Befriending Confusion

Jeff Brown delivers this week's inspiration on the Spirituality page.

ByABC News via logo
April 23, 2010, 6:40 AM

April 23, 2010 — -- Moving forward often demands that we live lost, knowingly surrendering our attachment to who we think we are, voluntarily stumbling around in the dark with little to guide us. Growing is all about leaps into the seeming unknown.

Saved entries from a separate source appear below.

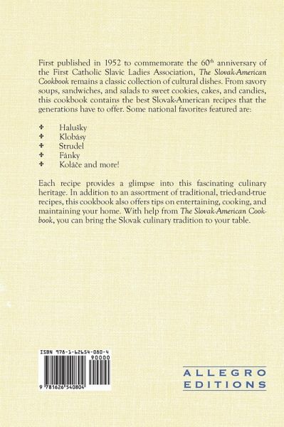 First published in 1952 to commemorate the 60th anniversary of the First Catholic Slavic Ladies Association, The Slovak-American Cookbook remains a classic collection of cultural dishes. From savory soups, sandwiches, and salads to sweet cookies, cakes, and candies, this cookbook contains the best Slovak-American recipes that the generations have to offer. Some national favorites featured are: Halusky Klobasy Strudel Fanky Kolace and more!
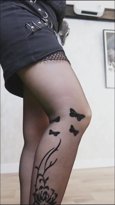 Collants noirs avec des motifs de papillons en velours. 🦋
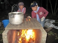 朝食も自分たちで火を起こして作ります。

If there was one skill that I could not have done without on my spiritual journey, it was my learned capacity to befriend my confusion. As old ways of being died off, new ways of being invariably came to life. Before the transition was complete, there was a time, often a long time, when all of these parts were pressing up against me at the same time. In "Soulshaping," I refer to this in-between phase as a "spiritual emergingcy" -- a state of confusion and inner tumult that arises when a new pathway is forcing its way into consciousness, prior to its full emergence and integration. The bridge from one side to the other is confusion. You have to learn how to hold the space for all of your parts and befriend your confusion, until clarity emerges on its own terms.

Unfortunately, befriending our confusion is difficult to hold to in a linear world. Those that walk the path of uncertainty are frequently characterized as flakes, drifters, and, ironically, lost souls. Nowhere in society are we taught to distinguish aimless from growth-full confusion, madness from truth aches, nervous breakdowns from nervous breakthroughs, habitual crisis from spiritual emergingcies. Confusion is sadly stigmatized as the mark of the "loser" without regard for the fact that one cannot come to know anything without first surrendering to the not knowing.

Our state of confusion often arises in the context of careers and relationships: Why do I hate my job? What are my callings? How do I really feel about this relationship? We develop a truth ache- a sense of internal dissonance about our path, a crying out for another direction.

Sadly, when we begin questioning our choices, resistant voices often float to the surface -- voices of habit and fear, internalized judgments, well-entrenched defenses. Although progress has been made on many levels, most of us are still making our primary choices as to path through a survivalist lens, with a vigilant eye to what is most practical, safe and materially satisfying.